The picoAMH Calibrators consist of a picoAMH Calibrator A/Sample Diluent containing AMH in equine serum with preservative. The target values for the calibrators are shown below:
| Calibrator | AMH Concentration(pg/mL) |
|---|---|
| CAL A | 0 |
| CAL B | 8 |
| CAL C | 31 |
| CAL D | 105 |
| CAL E | 360 |
| CAL F | 1091 |
The picoAMH Controls consist of two vials, labeled Levels I and II, containing low and high AMH concentrations in serum with preservative. Controls are reconstituted with 1 mL of deionized water.
- d. Detection limit:
Detection limits were evaluated based on CLSI EP17-A2.
The Limit of Blank (LoB) was evaluated using 18 independent human serum pools containing no detectable AMH. Samples were tested with four reagent lots for a total of 73 replicates per specimen. The overall LoB (n = 324) was calculated using a nonparametric analysis.

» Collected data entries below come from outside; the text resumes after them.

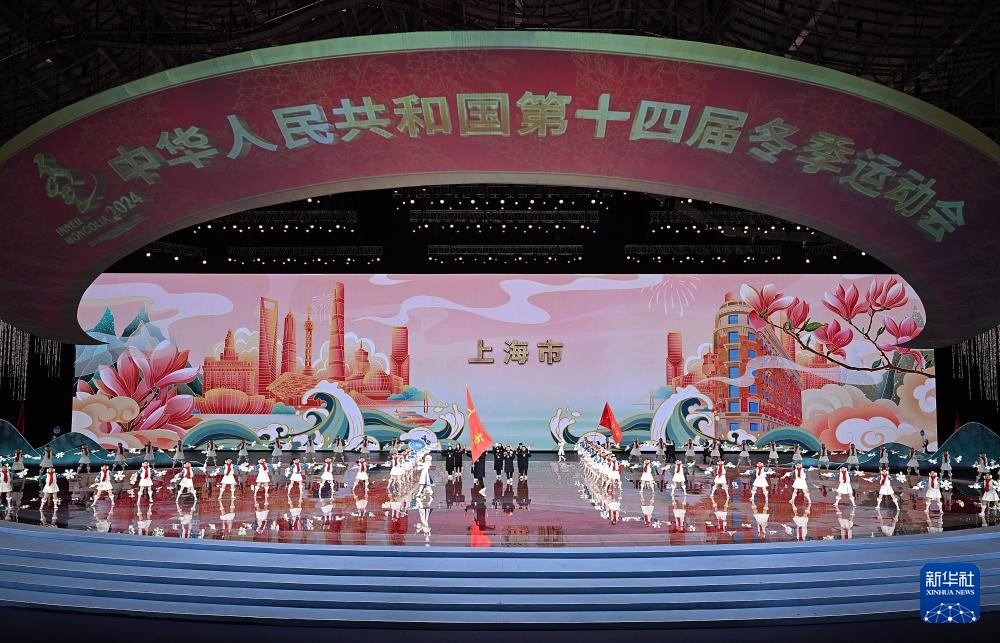 ??2月17日,中華人民共和國第十四屆冬季運(yùn)動(dòng)會(huì)會(huì)旗入場。新華社記者 連振 攝
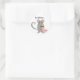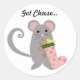 Un lindo ratón Navidad con un cuerpo gris y orejas rosas sosteniendo un caldo rosado lleno de queso. Un dicho lindo, se puede cambiar como se desee.
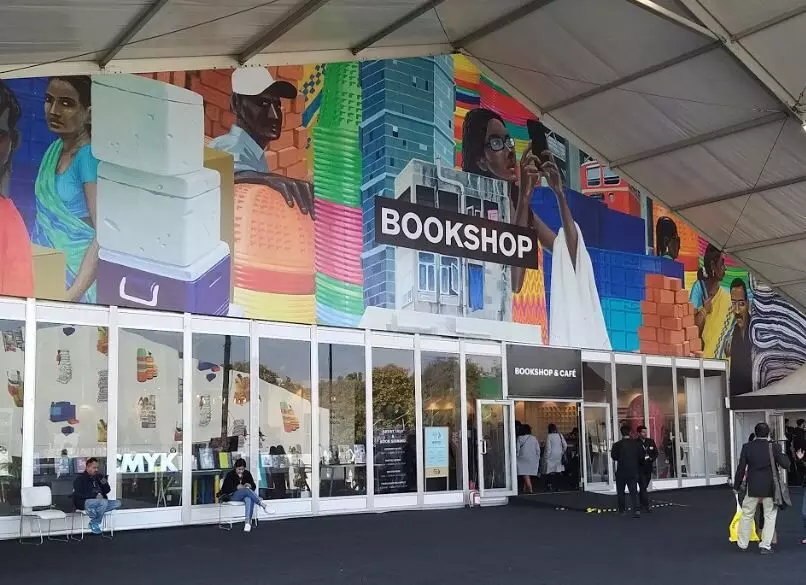 As one walks past the hustle bustle of a crowded boulevard, one approaches the entry of NSIC grounds in Okhla New Delhi that hosts this four-day art event. One can see a sprawling facade design by Artist Sam Kulavoor, celebrating the everyday life of people, adorning the outer walls of the Art Fair, with Bookshops and Cafes adding a fresh winter morning effervescence to the affair.
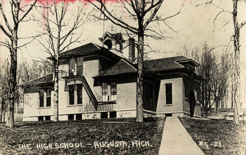 View of the high school in Augusta, Michigan. Printed on front: "The high school, Augusta, Mich. 9-21." Printed on back: "C.R. Childs photograph post cards, Chicago." Handwritten on back: "Dear Dela, I have been looking for a letter, but have not received it. Suppose you are terribly busy. I don't have much time hanging idly on my hands! Dela, will you please inquire, if you do not already know, if they need a math & Eng. teacher there next yr. & let me know as soon as possible? & sup't. I shall be ever so much obliged. Mamma is laid up for 6 wks. as result of fall. Love, Hazel."

The Limit of Detection (LoD) and Limit of Quantitation (LoQ) were evaluated using 12 low-level serum pools (containing between 2.76 and 9.95 pg/mL AMH) measured over four reagent lots (n = 144 per lot). The LoD was calculated as the Mean LoB + 1.645*SDL (SDL = standard deviation ofpooled low level specimens). The sponsor defined the LoQ as the lowest amount of analyte in a sample that can be quantified reliably with an intra-assay coefficient of variance (CV) of 20% based on precision profiling.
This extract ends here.